TopSequence a1, a2, a3, a4 ……. an is called an Arithmetic Progression if there exists a common difference 'd' between consecutive Numbers and this common difference is constant, a2 = a1 + d ,…. an = an-1 + d . Here a1 is first term, a2 is second term, a3 is third term, an is last term of series and d = second term – first term, (d = a2 - a1) of given series which is called common difference of Arithmetic progression. as longest arithmetic progression is sequence of n th term from end. Let there be an A.P with first term 'a' and common difference 'd', if there are 'm' terms in A.P.

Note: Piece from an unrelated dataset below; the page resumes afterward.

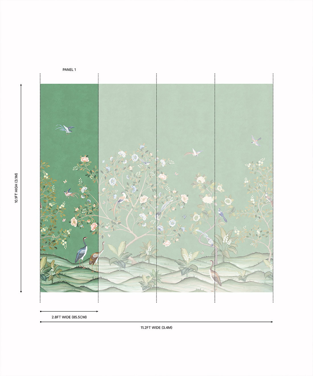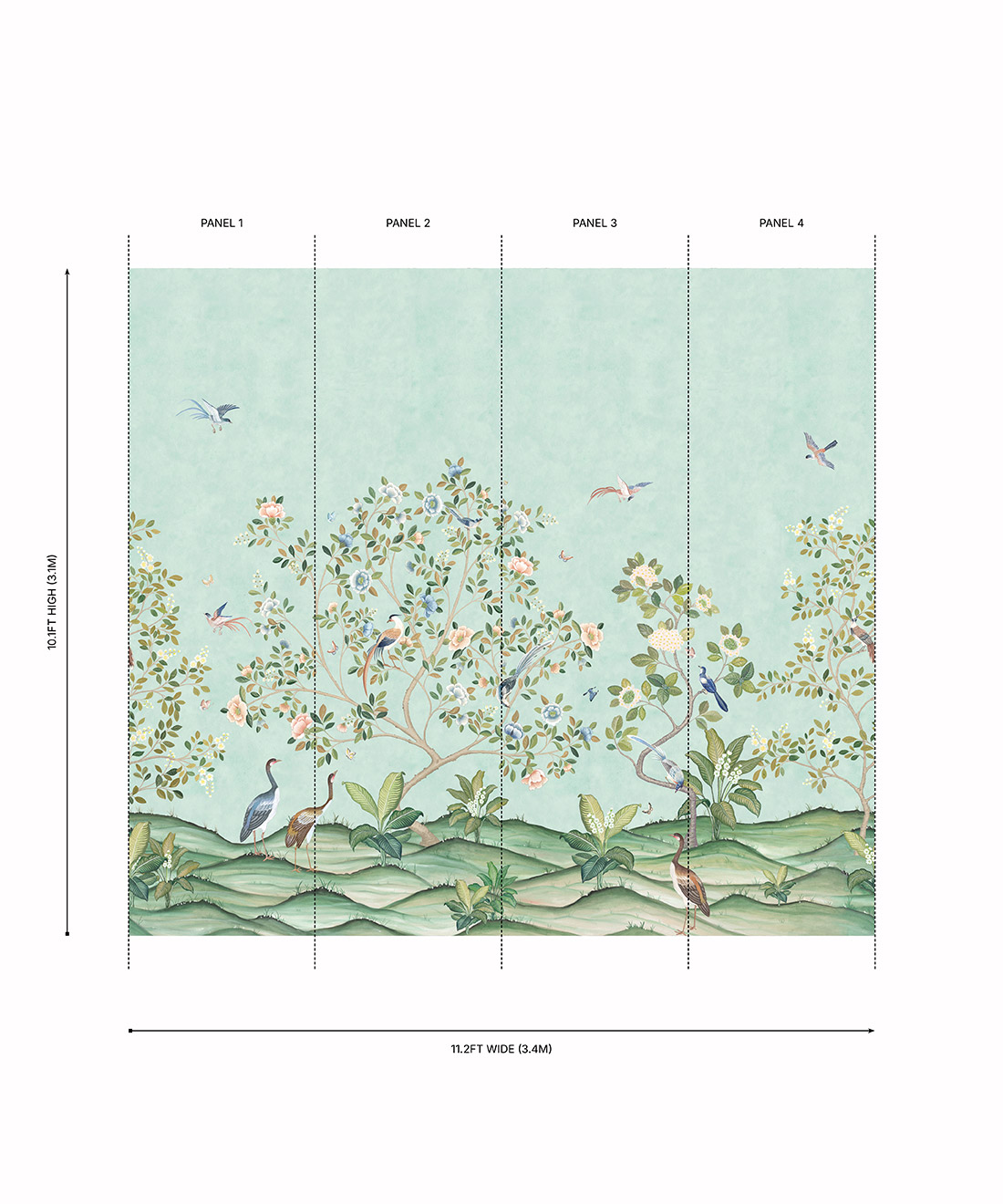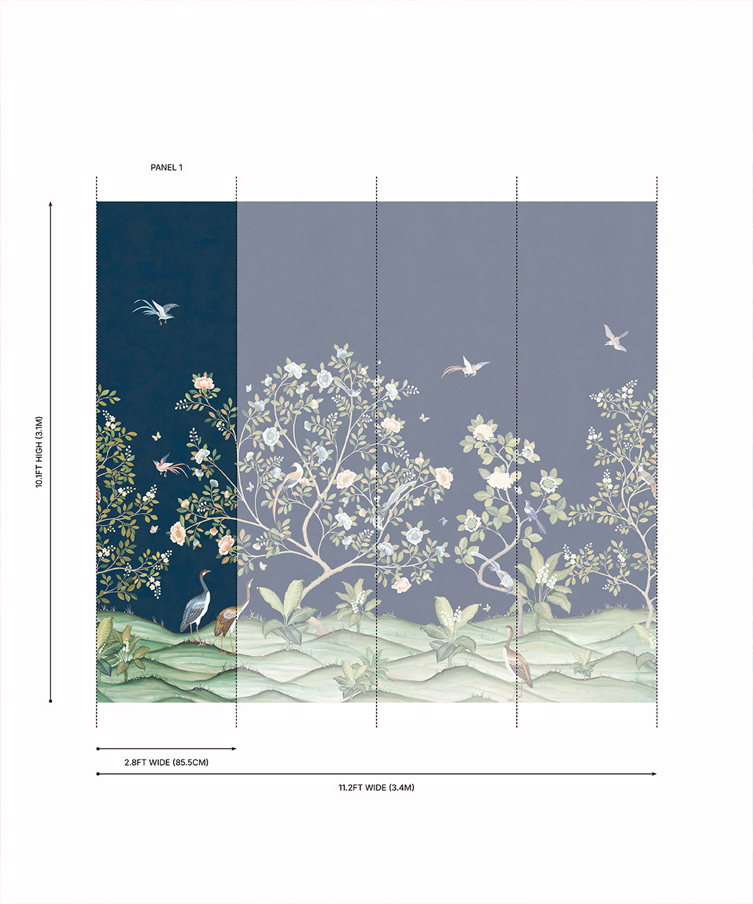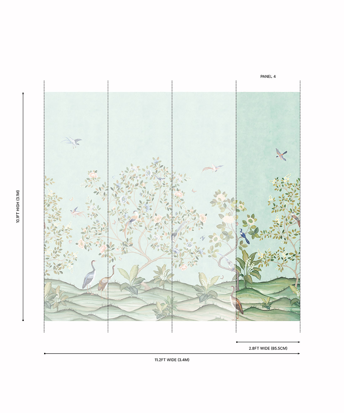 The Spring Landscape Mural from Bethany Linz is a Chinoiserie-style design originally hand-painted in gouache on stone henge paper. Inspired by a commissioned piece, this mural gave the artist the opportunity to create a vibrant botanical scene featuring birds, butterflies, and flowering trees. The design is available as a four-panel composition, sold either as a full set or as individual panels, and captures the height of spring when nature is alive with movement and bloom. This graceful mural offers a whimsical and floral backdrop, perfect for bedrooms, open living spaces, or children’s playrooms.

then nth term from end = (m - n + 1) th term,
nth term from end = am-n + 1,
nth term from end = a +(m - n + 1 – 1)d,
nth term from end = a +(m – n) d,
Also if 'l' is the last term of A.P, then nth term from the end is the term of an A.P. whose first term is 'l' and common difference is '-d'.
N th term from end = last term + (n – 1)(-d),
N th term from end = l – (n - 1) d.
Suppose we have 6th term from the end of A.P. 17,14, 11 ,…..-40.
Then 'l' is last term = -40 and 'd' is common difference = -3, so 6th term from end = l – (6 - 1)d = -40 -5 x -3 = -25 this is the longest arithmetic progression.
We can solve other longest Arithmetic progression problems using above formula.